# Bob Scarle - Box - Now Finished



## bobscarle (18 Feb 2013)

This is the start of my WIP thread for the box competition.

I spent a little time yesterday sorting out some wood for this project. I bought some ash for a toy box (must post the pictures of that) recently from Whitmore's, I could use some of that. Just finished a jewellery box and a toy box in ash and I have a dressing table still to make. Maybe something different.

Whilst I was at the timber yard, I bought a couple of boards of chestnut. I have never used it before, but I have seen it in pictures and it looked good so I thought I would "give it a go". Hard to tell in the rough what it is going to look like, oak like maybe?







So the sides of the box will be made from chestnut, that's a good start. I really like to mix different woods so I looked around for something to contrast the chestnut, This is what i found.






It's a piece of maple, with some lovely grain but what looks like a water stain. Just hope it is not too deep. That will do for the lid. It will need to be cut and jointed but that's ok.

That's the lid sorted, now I need some more for the inner lining and for the try. Looking around I found a few more bits of maple including one piece that I re-sawed by hand with a Japanese rip saw. I need some 6mm thick maple for the lining so that will be fine.






So there's my pile of wood. The chestnut is in the middle. A little hard to see but it looks good. There is enough maple to make the lid, lining and tray, although I might make the tray from a mix of both of the woods.






That's it for now, more soon.


----------



## carlb40 (18 Feb 2013)

Nice mix of woods, and yes all the images i have seen of chestnut it does look like oak


----------



## alexw (18 Feb 2013)

Hi Bob,

looking nice. Did you find all the bits you were looking for?

Alex


----------



## bobscarle (19 Feb 2013)

Alex. Yes, I think so. For this project at least. I would love to come and see you at your yard, some of the timber looks fabulous, but it is a long way (Google reckons 124 miles) to go for a few bits for a box! That said, I may have to go to Aldershot sometime, I'll let you know if that happens.

Bob


----------



## bobscarle (23 Feb 2013)

A little bit more progress on the box. I now have the four sides sorted and cut to size.
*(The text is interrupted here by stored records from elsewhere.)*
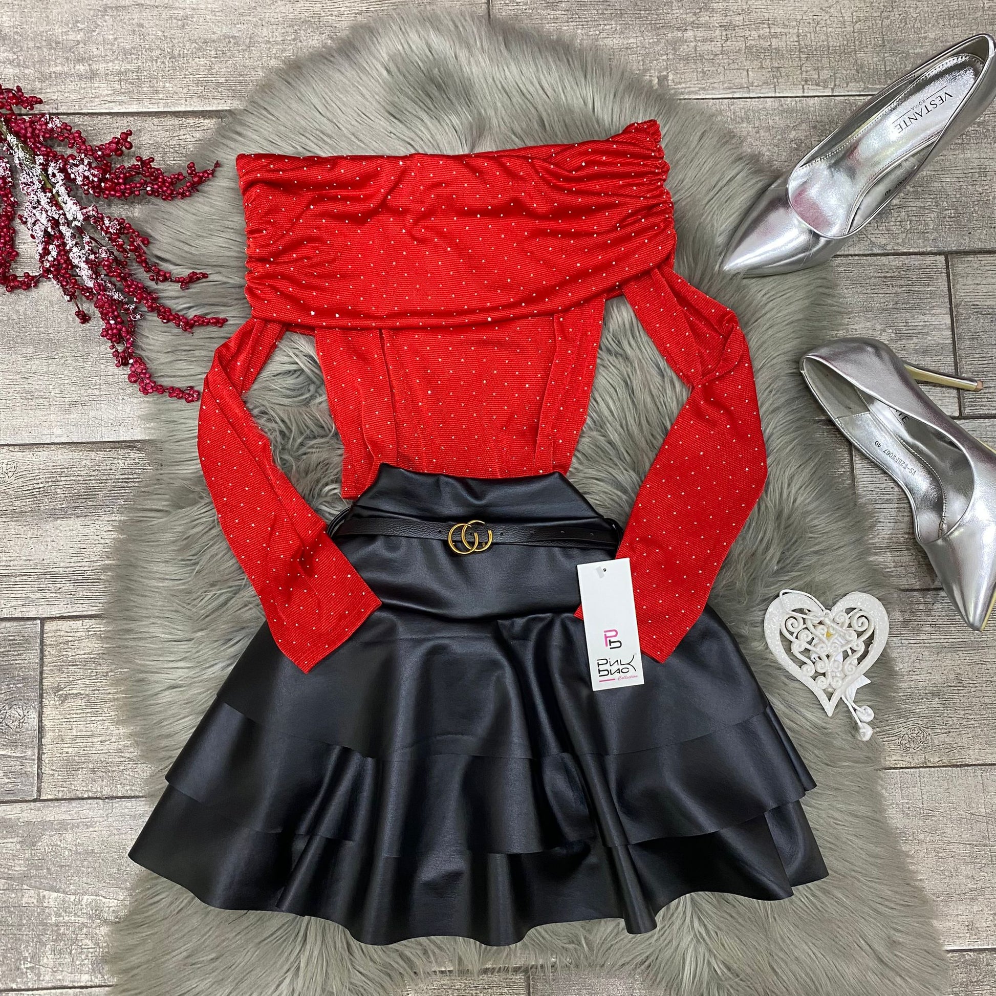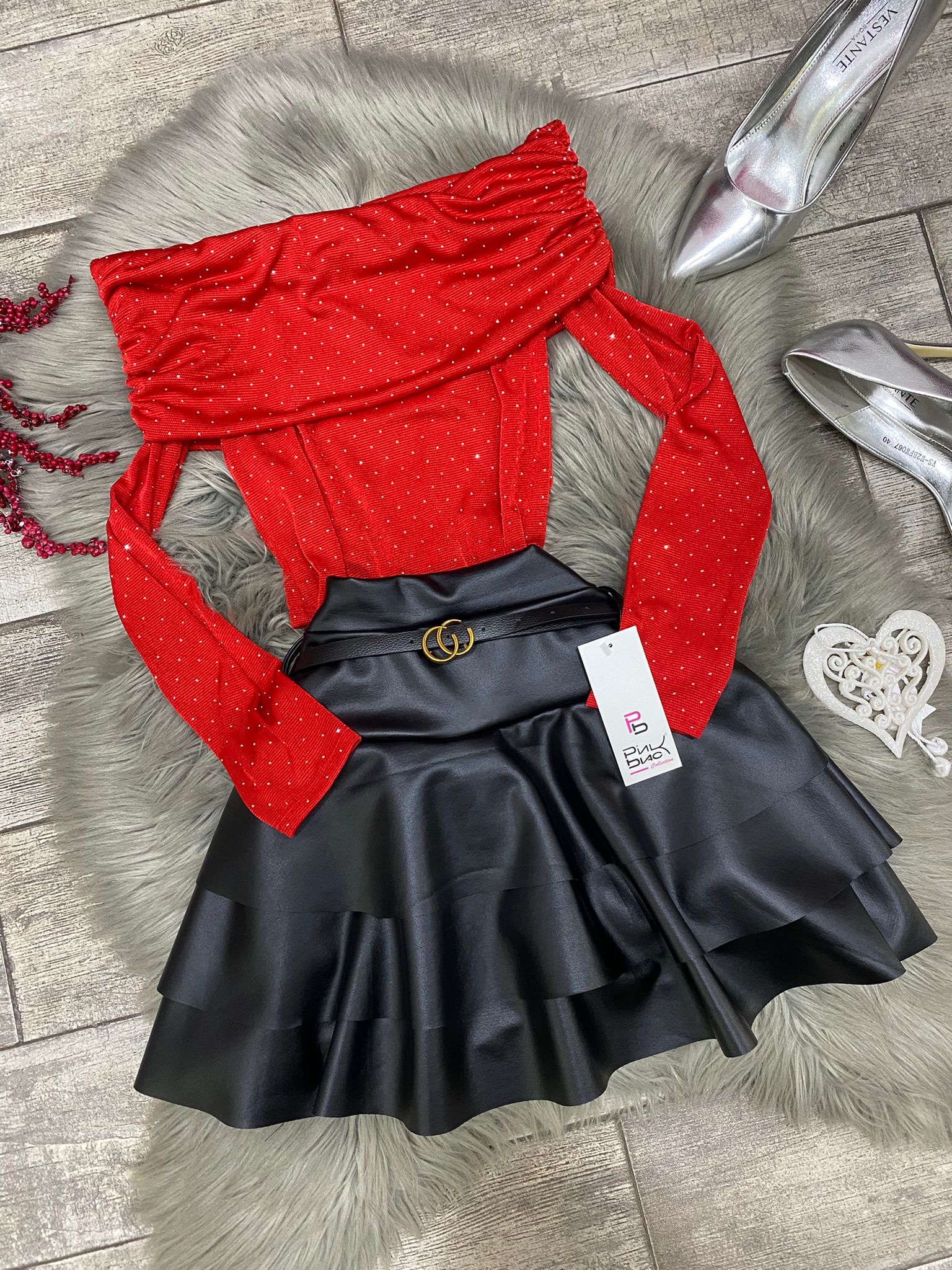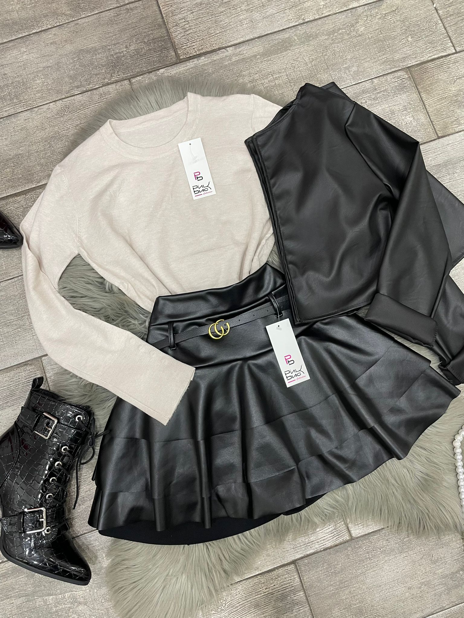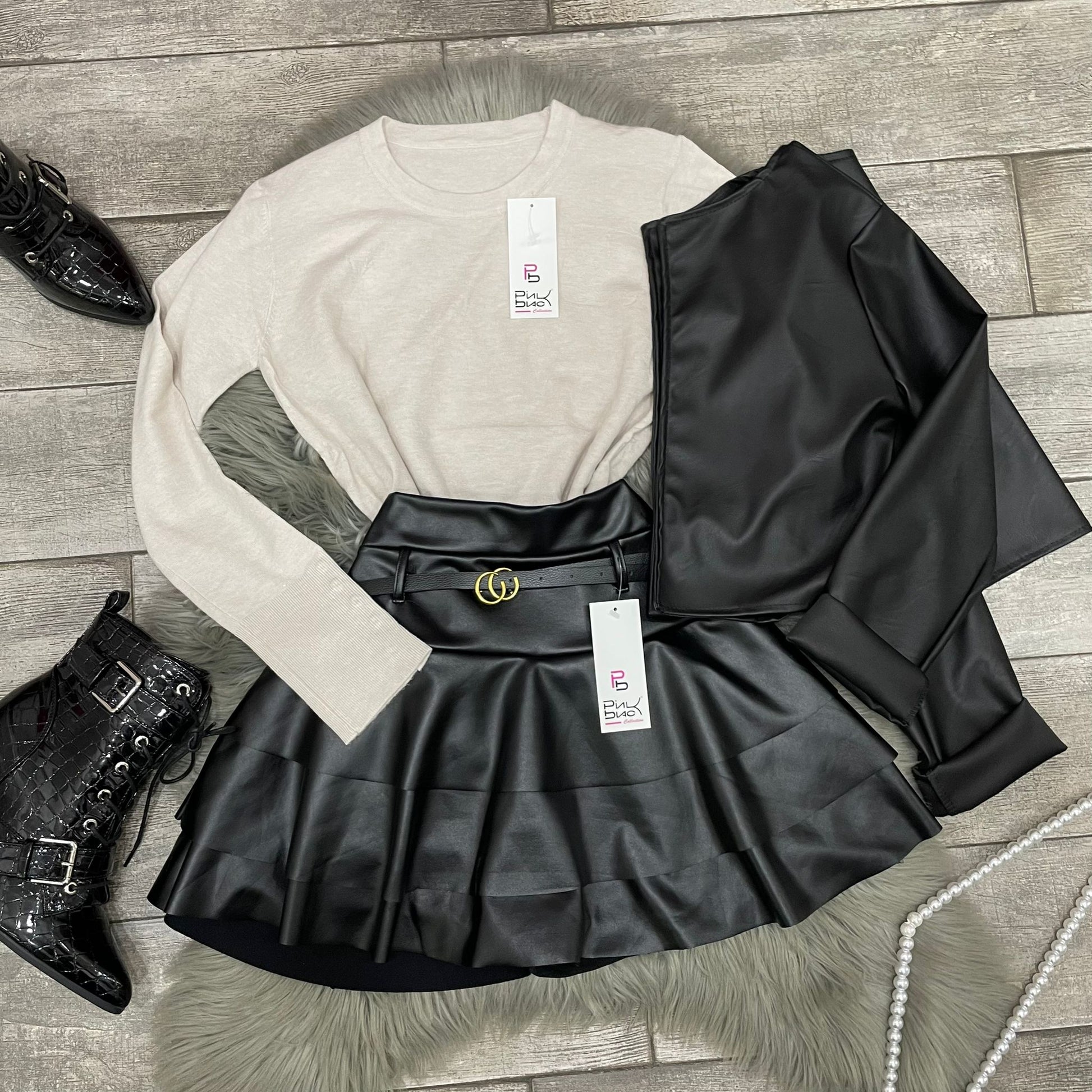 Pantagonna in ecopelle con balze e cinturino incluso.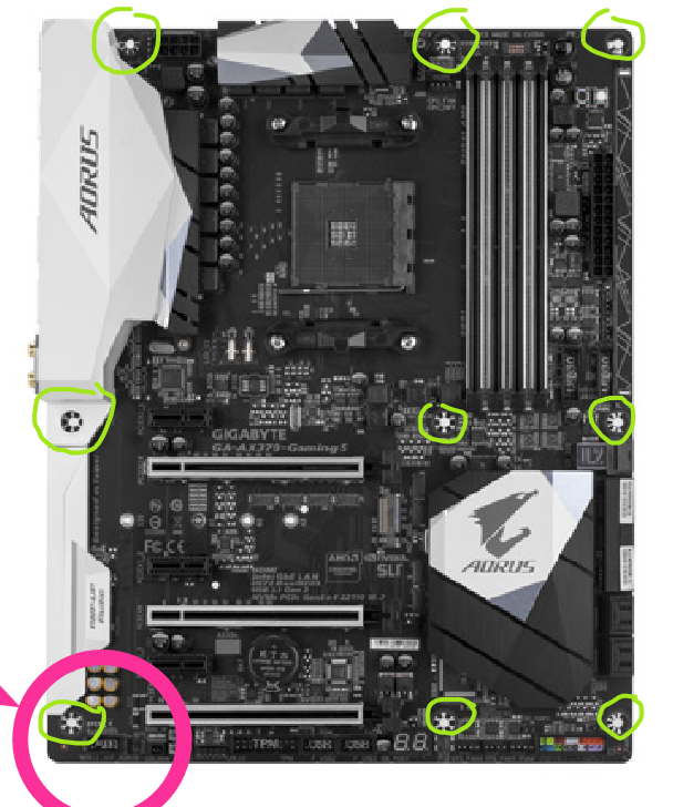 Speziell die unteren zwei roten Punkte im Posting #33 dürfen nicht sein wo sie sind; vergleich mal die sechs roten mit den neun gelben Markierungen; die beiden untersten roten liegen viel zu hoch, die drücken auf die Mainboard-Rückseite, wo sie nicht hingehören.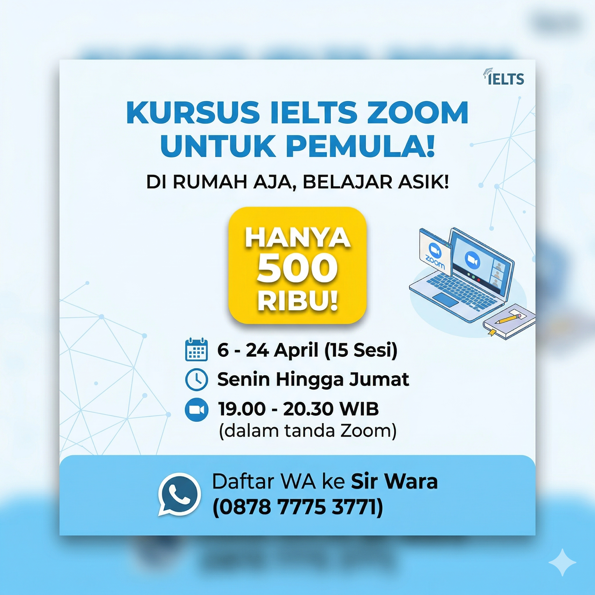 Tunggu apa lagi. Ayo gabung kelas Zoom Online TOEFL SUPERTOEFL! Hanya 500 rb untuk 1 orang mendapatkan 12 sesi zoom.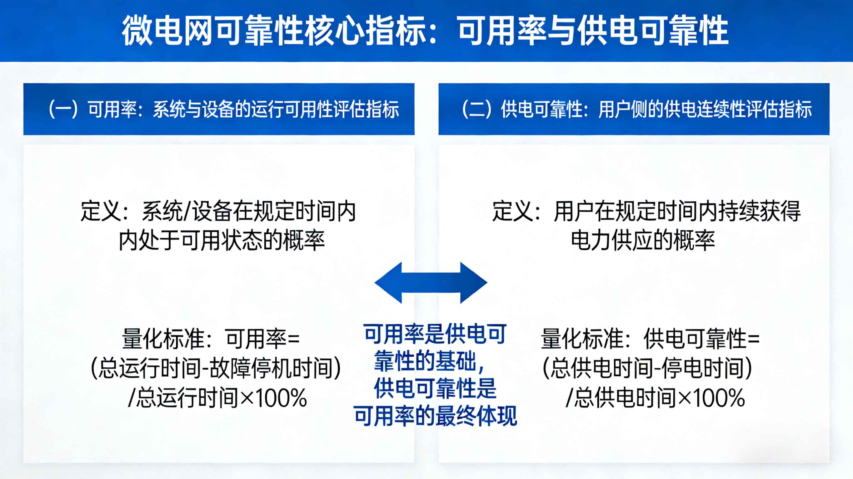 可用率与供电可靠性是微电网可靠性评估的两大核心指标,二者既有区别又有联系——可用率是供电可靠性的基础,只有系统与设备具备较高的可用率,才能为供电可靠性提供保障;供电可靠性是可用率的最终体现,其水平直接反映微电网的实际供电能力。明确二者的定义与量化标准,是开展可靠性评估的前提。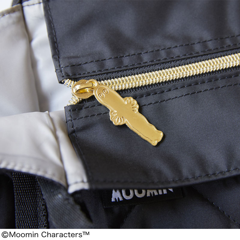 シックで合わせやすいブラックに、リトルミイの織りタグとニョロニョロの引き手がおしゃれなポイントに!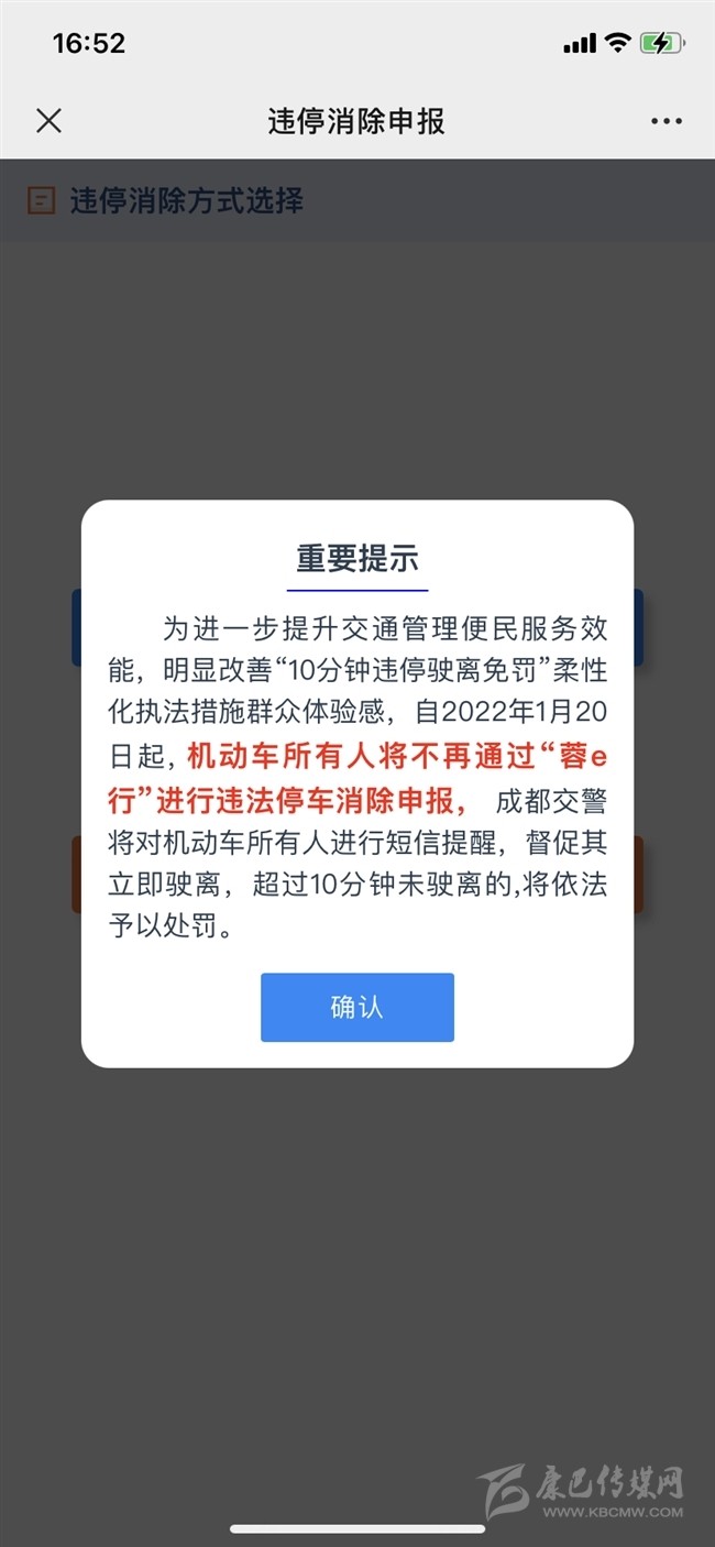 今天,記者獲悉,為進(jìn)一步提升交通管理便民服務(wù)效能,明顯改善“10分鐘違停駛離免罰”柔性化執(zhí)法措施群眾體驗(yàn)感,自2022年1月20日起, 機(jī)動(dòng)車所有人將不再通過“蓉e行”進(jìn)行違法停車消除申報(bào),成都交警將對(duì)機(jī)動(dòng)車所有人進(jìn)行短信提醒,督促其立即駛離,超過10分鐘未駛離的,將依法予以處罰。

The figuring looks nice.






Even starting to look like a box now





After cutting to size all of the edges needed to planed up. The back of the box on the shooting board.





I quite like the look of the chestnut (not sure if it is Horse, Sweet or something else) but the grain is proving difficult. On the second picture above you can see how the grain tears out. I have found the best tool to calm it down is a card scraper, and a sharp one at that. I am learning quickly how to sharpen one, might even get good at it.

That's all for now, dovetailing and the lid to follow.


----------



## bobscarle (5 Mar 2013)

I had a little time in the shed, so started cutting dovetails tonight. The box will be constructed using standard through dovetails. Start off by cutting the tails.






Once that is done, clamp both boards into my homemade alignment jig and mark out the pins. I used to use a plane on it's side in the same way Rob Cosman does, but I find this method works quite well for me.






When parring back the pins I use a backer board to prevent breakout. I have cut a couple of these just shy of the knife line.






At last, with a bit of tapping the joint goes together. They don't look to fit too badly.






Just three more sides to do now and I will have something that resembles a box. Likely to be the weekend before much more gets done though.


----------



## Anima (5 Mar 2013)

Looking good bob.

I'm wondering: are those are ashley iles chisels you have there and if so would you recommend them?


----------



## bobscarle (6 Mar 2013)

Thank you Anima. In response to your questions, yes and yes. They are Ashley Iles chisels and I would recommend them. I have 3 dovetail chisels and 3 butt chisels and I have just sold 6 Mk1 bevel edge chisels. I sold the Mk1's not because they were no good but because the handles were simply too big for me, they just didn't feel right. The steel AFAIK is exactly the same across the ranges. The Mk2's have smaller handles.


----------



## bobscarle (15 Mar 2013)

A little bit of an update, but not much.

Well, it's glued up! No going back now. The dovetails went together quite well, nice and tight, even to the extent that I didn't clamp it. The base is made from a piece of 6mm mdf that will be covered later by a piece of felt.





I like the grain in the chestnut. I tried some french polish on a little offcut last night. I have never used it before so not too sure what to expect. I have a few more finishes to try so I will post the results later.


----------



## bobscarle (15 Mar 2013)

Found a hour or so today do do a little more in the shed.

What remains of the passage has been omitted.